I love The Witness. Typically, this sentence would be followed by "I also hate The Witness," and while I certainly do see merit in the critiques of its flaws, unfortunately, I do not share the same sentiment. I love The Witness, period. However, for the longest time, I had spent wondering why people were so conflicted about The Witness. I have seen countless reviews, thoughts, and opinions online, coming from people so clearly torn on this game and how they feel about it. At first, I chalked it up to "gameplay good, narrative bad," as is the dichotomy in many things with mixed reception, and it held up for a while — the puzzles were creative, enticing; the narrative was pointless, pretentious, with no payoff. But something kept tugging on my mind about this shoddy explanation I had pieced for myself. It felt off. The puzzles weren't always creative or enticing, for in some cases they felt haphazard or obscure. Likewise, the narrative wasn't actually that awful, and I found it piquing my interest, especially with the audio logs in later areas. Something else underneath The Witness must have been spoiled, plaguing, contradictory, that which would've led to its contemptuous reception. Something I couldn't have spotted — until I saw it from another perspective.
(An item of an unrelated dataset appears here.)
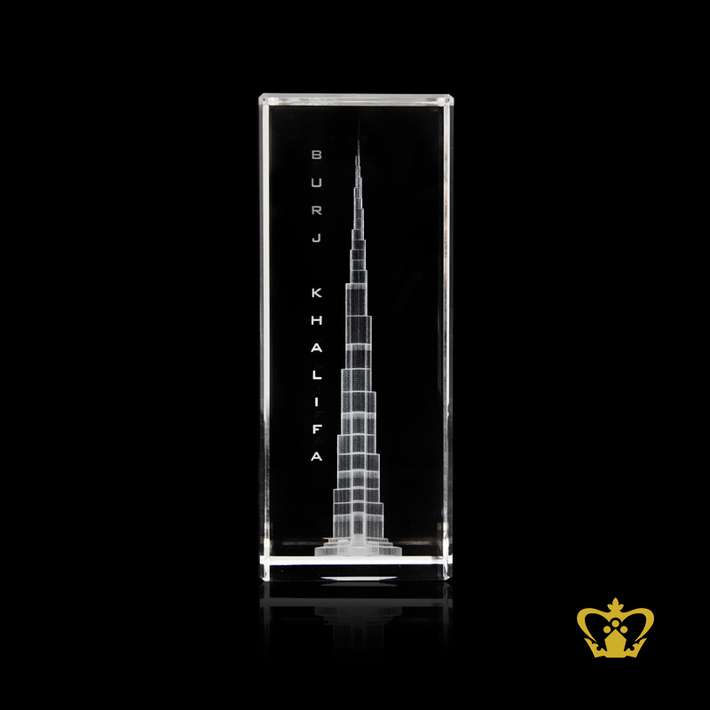 The tallest building in the world perfectly captured in crystal. The Burj Khalifa (Arabic for "Khalifa Tower"), known as the Burj Dubai prior to its inauguration in 2010, is a skyscraper in Dubai, United Arab Emirates. The Burj Khalifa has been the tallest structure and building in the world since its topping out in 2009. You can personalize this crystal cube or rectangular crystal block by engrave your own photo, logo, text, design or any ideas. Click on customize button and upload your image or text and buy online, you can also click on enquiry button we will respond as soon as we can. To produce a 3D crystal, firstly our designers transform any of your ordinary photographs into amazingly 3D images. Then it imprinted or engraved in glass cube using our precision laser technology in crystal cube. 3D crystal cube or blocks are often used for 3D or 2D crystal portraits and given as gifts for wedding, birthdays, Valentine's Day, mother's day, father's day, graduation, convocation , remembrance, memorial or anniversary gift. There are also great corporate or business gifts for recognition awards, promotional paperweights and event mementos. Corporate logos laser engraved inside of the crystal make elegant client and employee gifts. These laser crystals accommodate 3D layered designs where text and image can be engraved at different depths in the crystal. You can add an optional light base and the interaction of the white LED light with the engraving creates bright and sparkling 3D keepsake.

I only gained an inkling of what this issue was when I watched my friend attempt to solve the puzzles in the Monastery and get stuck for an hour at the puzzle on the pillar, unknowing of the true solution. Tantalizingly, she got close three separate times, and even once explicitly said, "Maybe the solution has to do with the branches. Like, if I looked at the puzzle through the branches, it'd make a path somehow." She was right. The correct path was, indeed, formed by the branches. Three times she almost stood at the exact spot and looked at the exact angle to see that she was correct, but instead of trying to align herself properly, she stopped, looked elsewhere for an answer, exclaiming, "Nah, this game wouldn't be that crazy."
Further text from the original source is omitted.